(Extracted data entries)
-*-
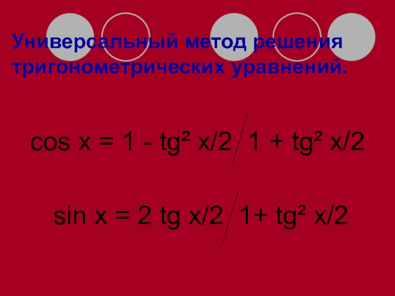 Слайд 41Универсальный метод решения тригонометрических уравнений.
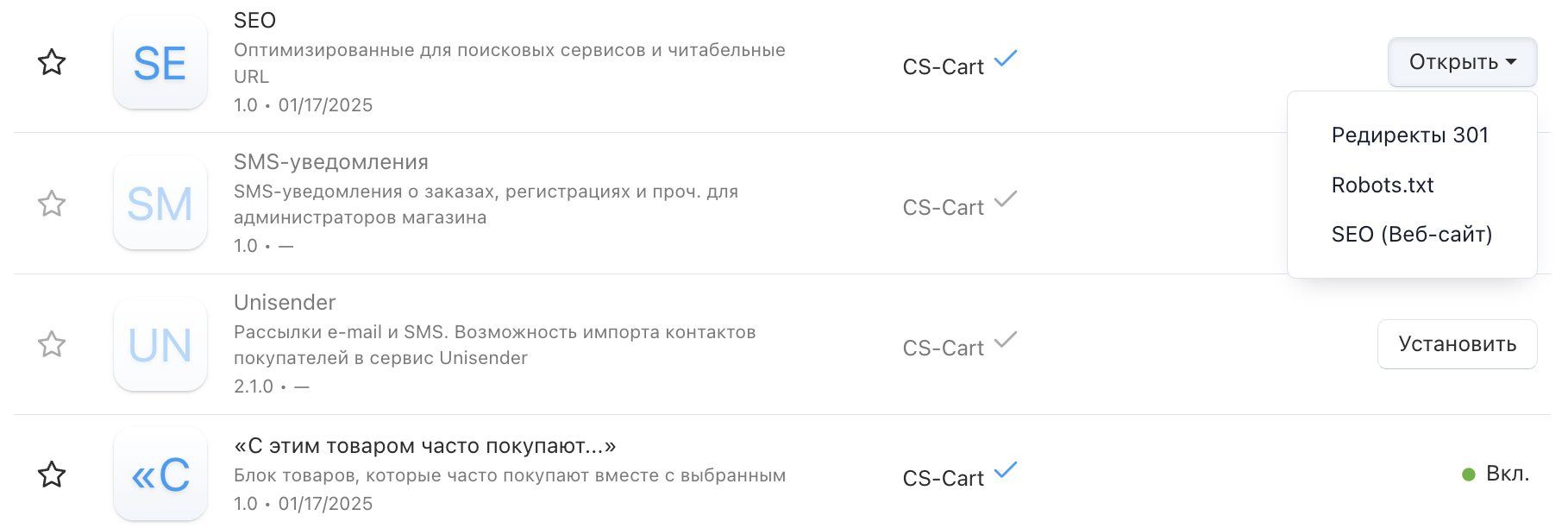 CS-Cart из коробки дает в распоряжение более 90 модулей. Часть из них сразу установлены — эти модули, с нашей точки зрения, необходимые любому интернет-магазину. Некоторые модули не установлены, чтобы не перегружать магазин ненужным на данный момент функционалом.
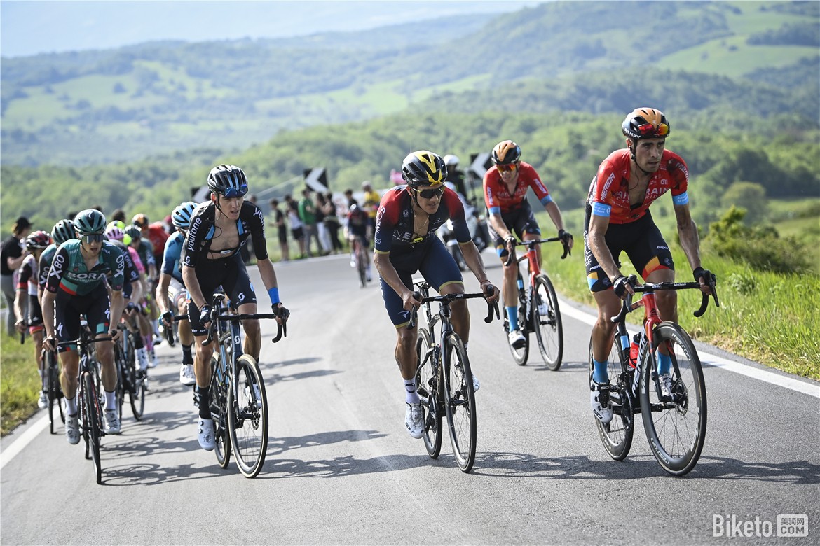 距终点8.6公里,大魔王里奇·波特(英力士)顶在集团前方进行筛选,米克尔·兰达(巴林胜利)与罗曼·巴代(帝斯曼)卡在争冠集团前部。随着这波提速,早先摔车的毕尔巴鄂与总成绩粉衫胡安·洛佩兹先后掉队。此刻,争冠集团被筛选的仅有15余人。文森佐·尼巴利、波佐维沃、巴尔维德三位老将状态不错,后续追击过程中,毕尔巴鄂与洛佩兹慢慢追上掉队小组,并未损失太多时间。
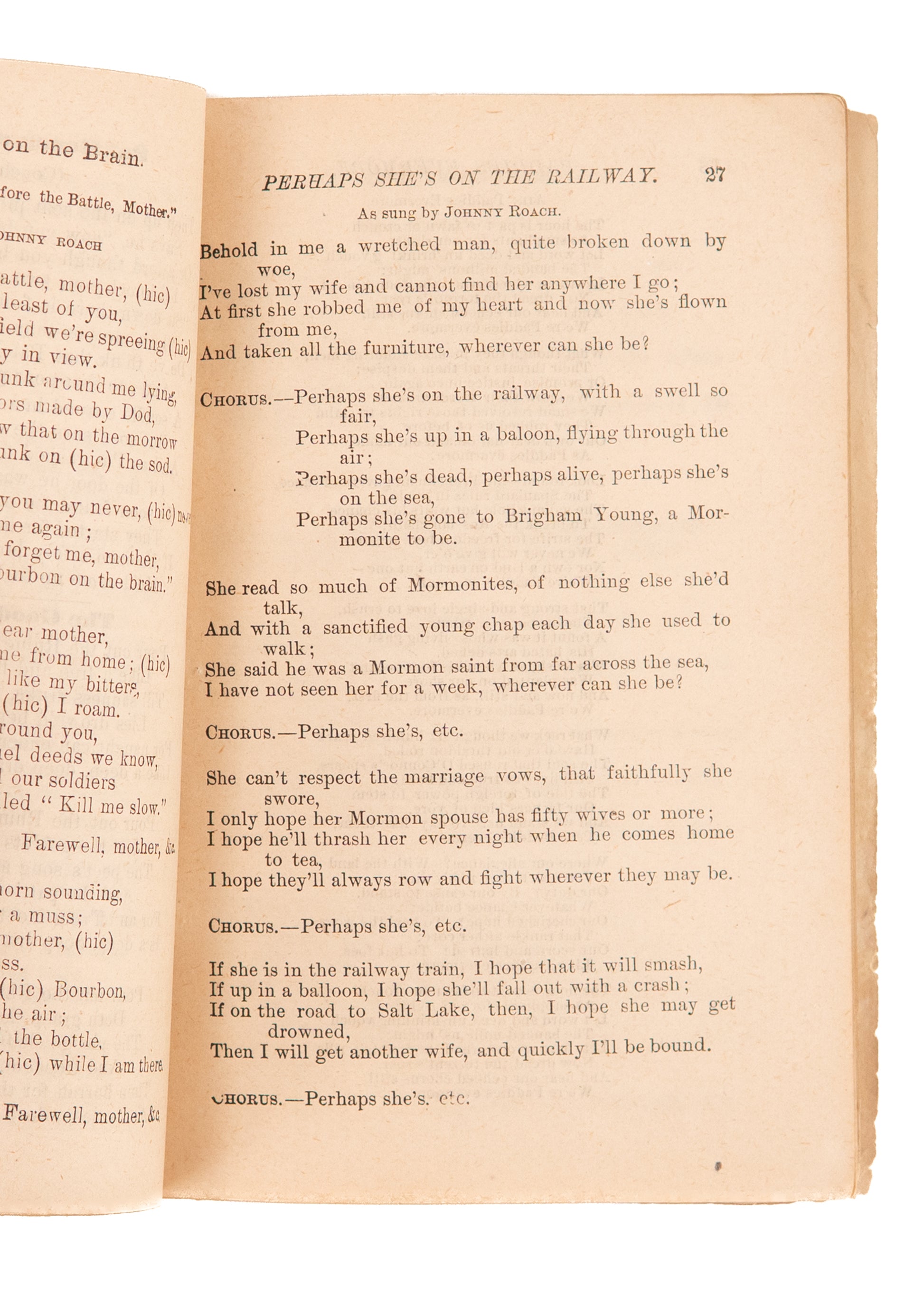 Includes: The Gin Mill; New York Society; Panama; The Orphan Boy; Bourbon on the Brain; Perhaps She's on the Railway [about a guy whose wife has left him to become a Mormon and one of Brigham Young's wives]; Paddies Evermore; Kilarney; The Hurdy Gurdy Lad; The Liquor Law; Can Any Vone Tole Vere Dot Cat is Gone? [in German vernacular]; Whiskey You're the Devil; Sauerkraut; etc.
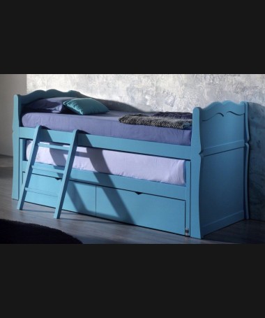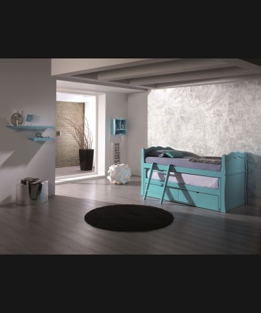 - Dormitorio juvenil modelo PDJ0047, de estilo clásico hecho a medida, lacado en azul mate. Compuesto por cama campacta con escalera, y estanterías a juego
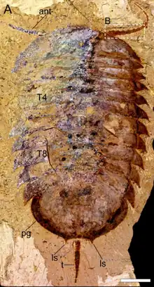 - ↑ Schmidt, Michel; Hou, Xianguang; Zhai, Dayou; Mai, Huijuan; Belojević, Jelena; Chen, Xiaohan; Melzer, Roland R.; Ortega-Hernández, Javier; Liu, Yu (2022-03-28). "Before trilobite legs: Pygmaclypeatus daziensis reconsidered and the ancestral appendicular organization of Cambrian artiopods". Philosophical Transactions of the Royal Society B: Biological Sciences. 377 (1847): 20210030. doi:10.1098/rstb.2021.0030. PMC 8819370. PMID 35125003.
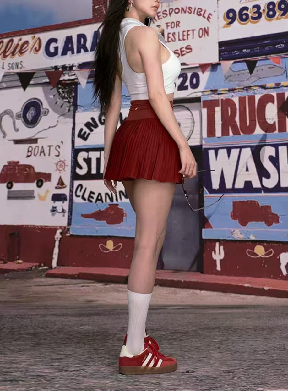 темно-синий топ; Белый топ лунного света; Темно-синяя юбка; Винтажная красная юбка
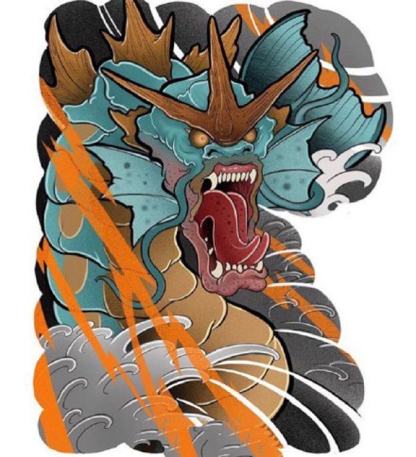 一组满背大气九龙拉棺纹身图案作品和手稿
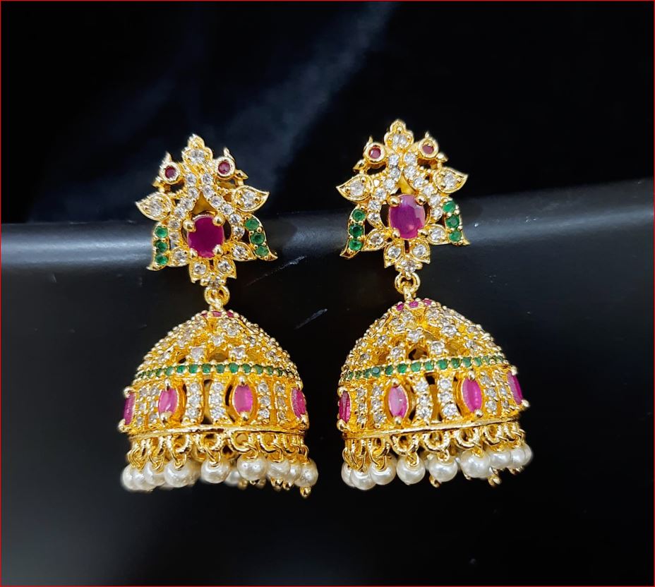 The Zehra Bloom Jhumkas blend tradition with modern flair, featuring intricate floral detailing and a radiant jhumka silhouette.
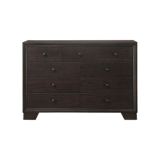 57" Espresso Solid and Manufactured Wood Nine Drawer Double Dresser
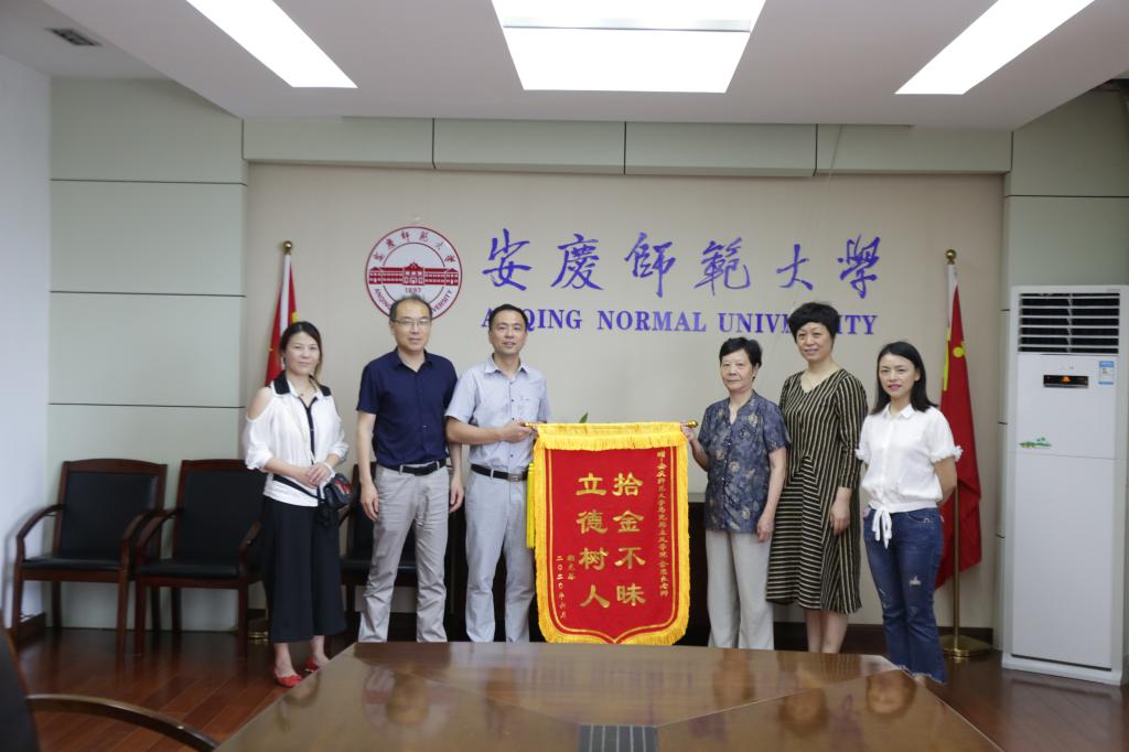 为了表示对金忠良的感谢,失主潮龙琴于6月4日上午同家人及社区的负责人一起专程赶到公司,将一面写有“拾金不昧,立德树人”的锦旗亲自送到了他手中。“那天下着雨,回家途中手里的东西多了,手提包也不知道落在哪了。多亏了金老师热心帮助,通过社区和派出所联系上我,不然啊钱包肯定找不回来了,太感谢金老师了!”潮龙琴向金忠良由衷道谢。
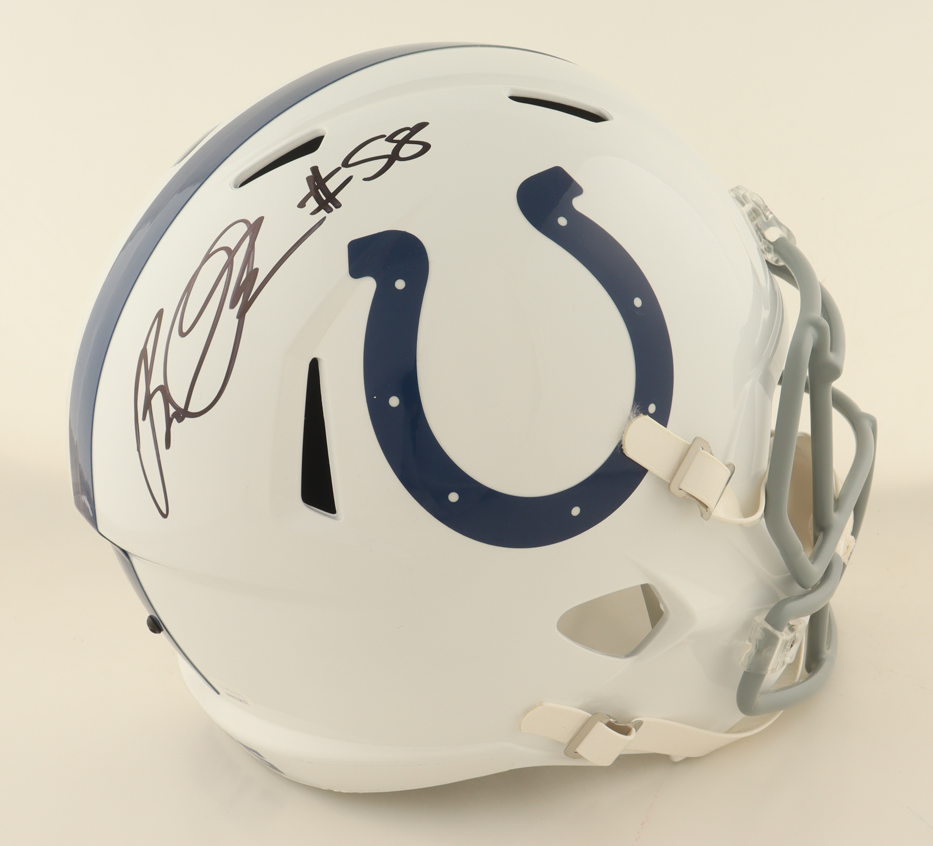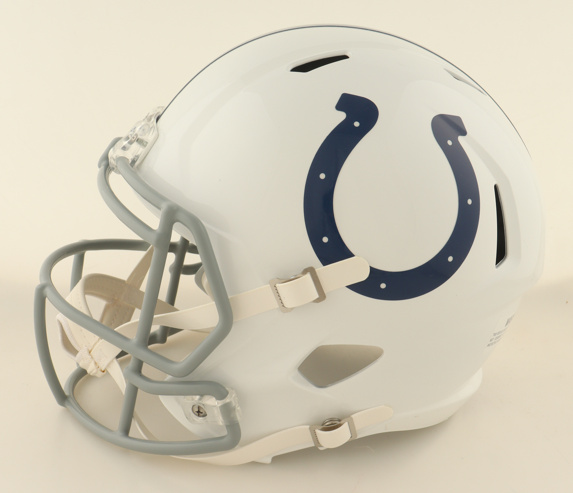 Riddell Indianapolis Colts Full-Size Speed Replica Helmet. Hand-signed by Bobby Okereke.
-*-
**Assignment:** Begin with the line containing "Drawer Double Dresser", stop at the last line of the records above, and copy every line in between exactly, both ends included, with no pictures.

**Finished task:**
 57" Espresso Solid and Manufactured Wood Nine Drawer Double Dresser
 为了表示对金忠良的感谢,失主潮龙琴于6月4日上午同家人及社区的负责人一起专程赶到公司,将一面写有“拾金不昧,立德树人”的锦旗亲自送到了他手中。“那天下着雨,回家途中手里的东西多了,手提包也不知道落在哪了。多亏了金老师热心帮助,通过社区和派出所联系上我,不然啊钱包肯定找不回来了,太感谢金老师了!”潮龙琴向金忠良由衷道谢。
 Riddell Indianapolis Colts Full-Size Speed Replica Helmet. Hand-signed by Bobby Okereke.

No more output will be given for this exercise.